• Task directions: When you reach a picture, pass over it; otherwise repeat the listing word for word.

• Record set:

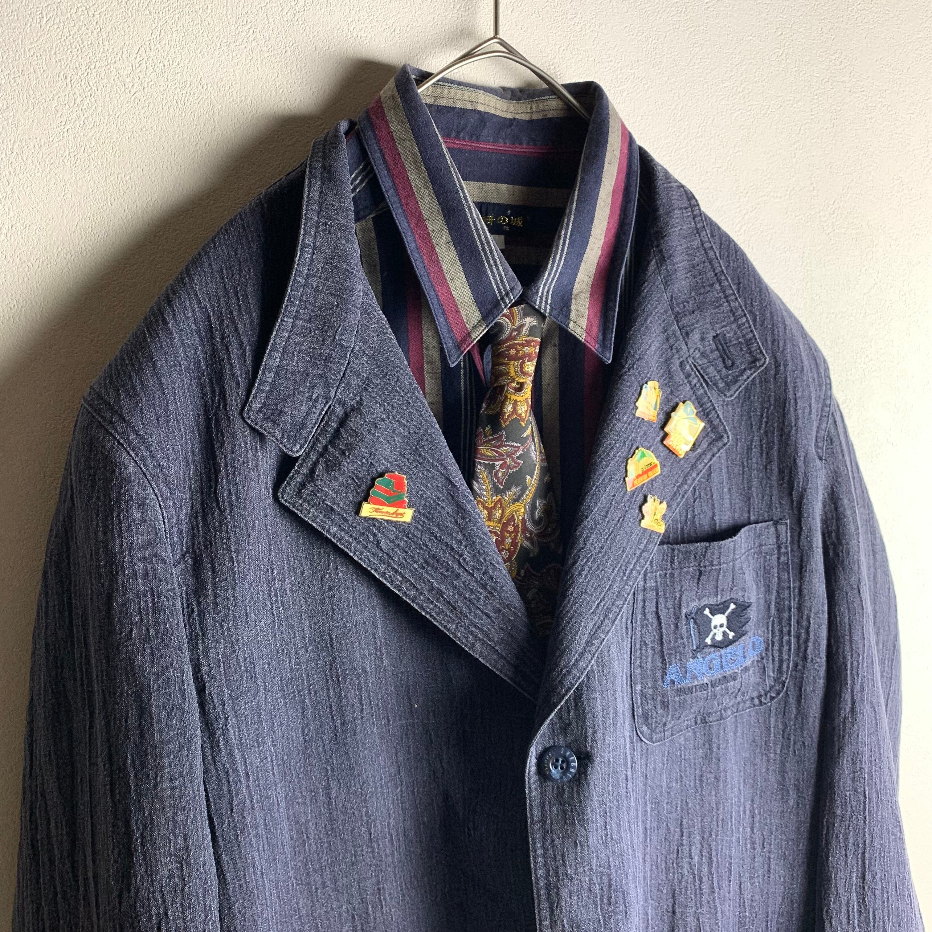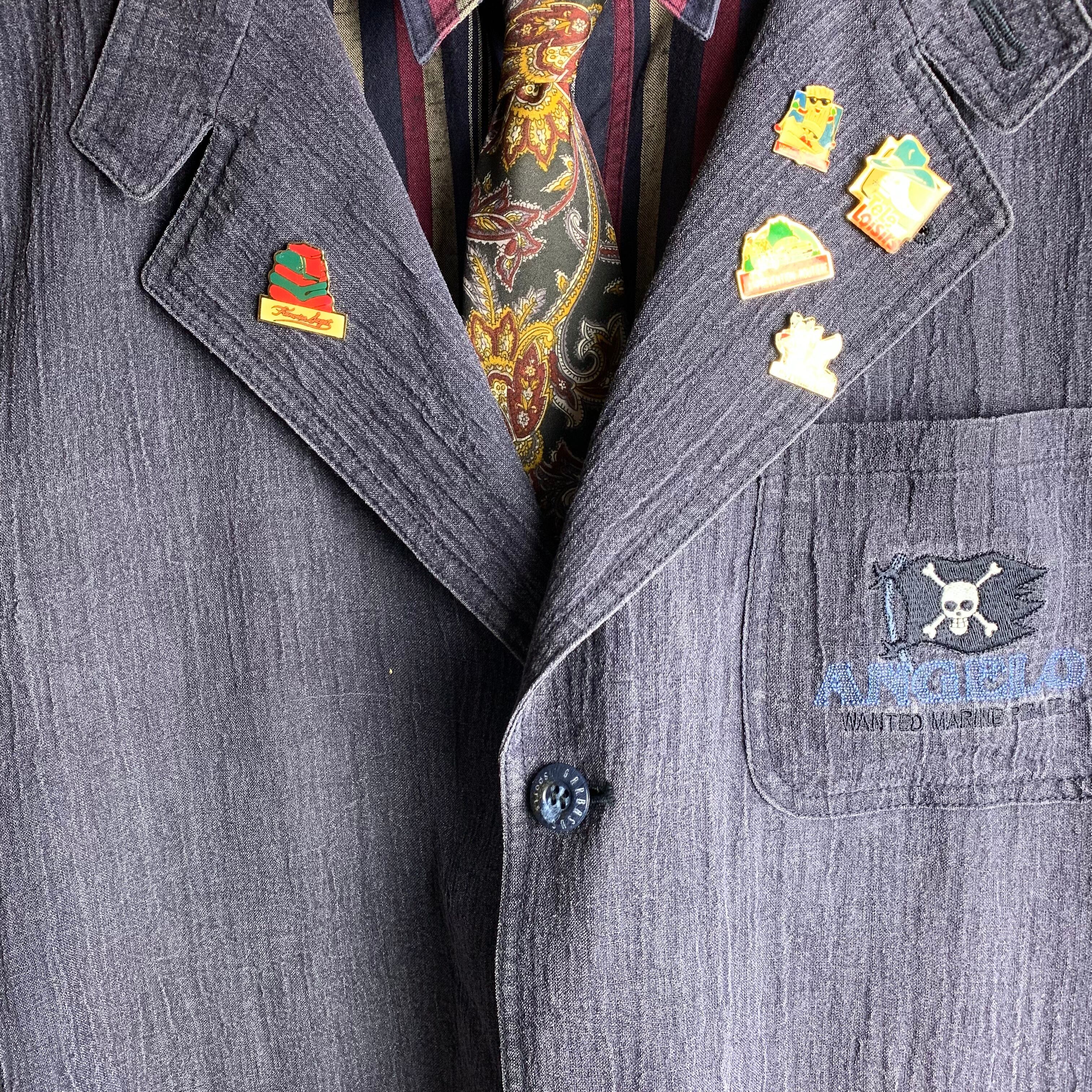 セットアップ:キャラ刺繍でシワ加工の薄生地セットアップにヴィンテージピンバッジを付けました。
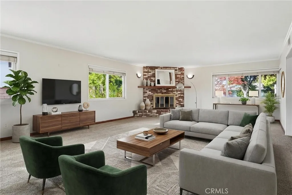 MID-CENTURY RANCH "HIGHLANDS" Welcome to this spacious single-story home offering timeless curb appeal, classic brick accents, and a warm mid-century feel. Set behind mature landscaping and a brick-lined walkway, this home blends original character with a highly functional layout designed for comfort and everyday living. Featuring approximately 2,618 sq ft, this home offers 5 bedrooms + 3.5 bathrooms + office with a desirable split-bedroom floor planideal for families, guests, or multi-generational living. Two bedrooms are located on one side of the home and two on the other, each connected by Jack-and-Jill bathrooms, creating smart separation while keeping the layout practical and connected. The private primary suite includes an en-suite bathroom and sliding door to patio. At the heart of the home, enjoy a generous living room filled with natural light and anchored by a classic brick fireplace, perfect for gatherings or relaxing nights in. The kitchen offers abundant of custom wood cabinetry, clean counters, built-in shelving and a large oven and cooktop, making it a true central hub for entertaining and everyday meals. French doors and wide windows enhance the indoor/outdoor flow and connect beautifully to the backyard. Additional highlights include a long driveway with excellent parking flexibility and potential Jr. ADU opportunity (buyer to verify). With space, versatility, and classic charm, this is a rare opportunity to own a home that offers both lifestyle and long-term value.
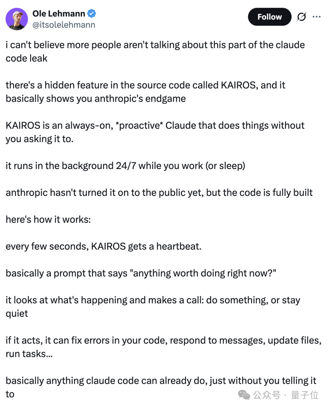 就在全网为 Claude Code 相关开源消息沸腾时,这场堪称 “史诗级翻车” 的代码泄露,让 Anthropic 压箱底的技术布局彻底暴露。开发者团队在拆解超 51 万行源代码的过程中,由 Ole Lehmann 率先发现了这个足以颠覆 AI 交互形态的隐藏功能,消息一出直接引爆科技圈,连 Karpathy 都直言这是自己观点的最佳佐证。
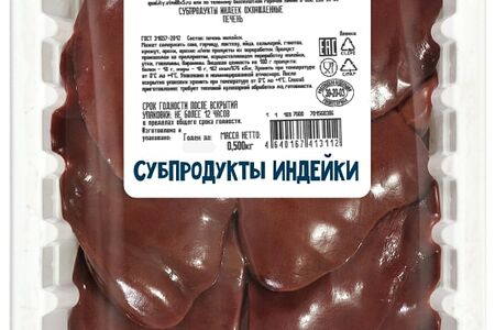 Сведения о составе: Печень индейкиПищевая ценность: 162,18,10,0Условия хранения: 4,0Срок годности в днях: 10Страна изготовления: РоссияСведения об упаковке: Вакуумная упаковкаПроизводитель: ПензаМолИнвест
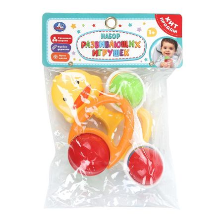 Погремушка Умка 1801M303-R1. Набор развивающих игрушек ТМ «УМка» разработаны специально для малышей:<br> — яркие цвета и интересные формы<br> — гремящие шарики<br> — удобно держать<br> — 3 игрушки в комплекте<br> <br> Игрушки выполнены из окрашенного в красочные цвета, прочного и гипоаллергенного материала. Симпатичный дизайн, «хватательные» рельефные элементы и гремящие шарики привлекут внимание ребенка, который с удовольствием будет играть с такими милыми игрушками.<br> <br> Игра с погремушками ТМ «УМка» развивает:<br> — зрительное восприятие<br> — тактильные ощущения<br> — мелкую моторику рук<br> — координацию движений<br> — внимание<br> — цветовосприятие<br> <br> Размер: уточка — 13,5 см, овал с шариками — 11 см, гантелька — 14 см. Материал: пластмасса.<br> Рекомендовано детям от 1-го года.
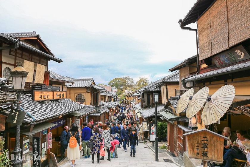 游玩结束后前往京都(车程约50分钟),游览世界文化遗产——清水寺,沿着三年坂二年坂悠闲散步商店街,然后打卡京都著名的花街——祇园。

• Solution to this problem:
 セットアップ:キャラ刺繍でシワ加工の薄生地セットアップにヴィンテージピンバッジを付けました。
 MID-CENTURY RANCH "HIGHLANDS" Welcome to this spacious single-story home offering timeless curb appeal, classic brick accents, and a warm mid-century feel. Set behind mature landscaping and a brick-lined walkway, this home blends original character with a highly functional layout designed for comfort and everyday living. Featuring approximately 2,618 sq ft, this home offers 5 bedrooms + 3.5 bathrooms + office with a desirable split-bedroom floor planideal for families, guests, or multi-generational living. Two bedrooms are located on one side of the home and two on the other, each connected by Jack-and-Jill bathrooms, creating smart separation while keeping the layout practical and connected. The private primary suite includes an en-suite bathroom and sliding door to patio. At the heart of the home, enjoy a generous living room filled with natural light and anchored by a classic brick fireplace, perfect for gatherings or relaxing nights in. The kitchen offers abundant of custom wood cabinetry, clean counters, built-in shelving and a large oven and cooktop, making it a true central hub for entertaining and everyday meals. French doors and wide windows enhance the indoor/outdoor flow and connect beautifully to the backyard. Additional highlights include a long driveway with excellent parking flexibility and potential Jr. ADU opportunity (buyer to verify). With space, versatility, and classic charm, this is a rare opportunity to own a home that offers both lifestyle and long-term value.
 就在全网为 Claude Code 相关开源消息沸腾时,这场堪称 “史诗级翻车” 的代码泄露,让 Anthropic 压箱底的技术布局彻底暴露。开发者团队在拆解超 51 万行源代码的过程中,由 Ole Lehmann 率先发现了这个足以颠覆 AI 交互形态的隐藏功能,消息一出直接引爆科技圈,连 Karpathy 都直言这是自己观点的最佳佐证。
 Сведения о составе: Печень индейкиПищевая ценность: 162,18,10,0Условия хранения: 4,0Срок годности в днях: 10Страна изготовления: РоссияСведения об упаковке: Вакуумная упаковкаПроизводитель: ПензаМолИнвест
 Погремушка Умка 1801M303-R1. Набор развивающих игрушек ТМ «УМка» разработаны специально для малышей:<br> — яркие цвета и интересные формы<br> — гремящие шарики<br> — удобно держать<br> — 3 игрушки в комплекте<br> <br> Игрушки выполнены из окрашенного в красочные цвета, прочного и гипоаллергенного материала. Симпатичный дизайн, «хватательные» рельефные элементы и гремящие шарики привлекут внимание ребенка, который с удовольствием будет играть с такими милыми игрушками.<br> <br> Игра с погремушками ТМ «УМка» развивает:<br> — зрительное восприятие<br> — тактильные ощущения<br> — мелкую моторику рук<br> — координацию движений<br> — внимание<br> — цветовосприятие<br> <br> Размер: уточка — 13,5 см, овал с шариками — 11 см, гантелька — 14 см. Материал: пластмасса.<br> Рекомендовано детям от 1-го года.
 游玩结束后前往京都(车程约50分钟),游览世界文化遗产——清水寺,沿着三年坂二年坂悠闲散步商店街,然后打卡京都著名的花街——祇园。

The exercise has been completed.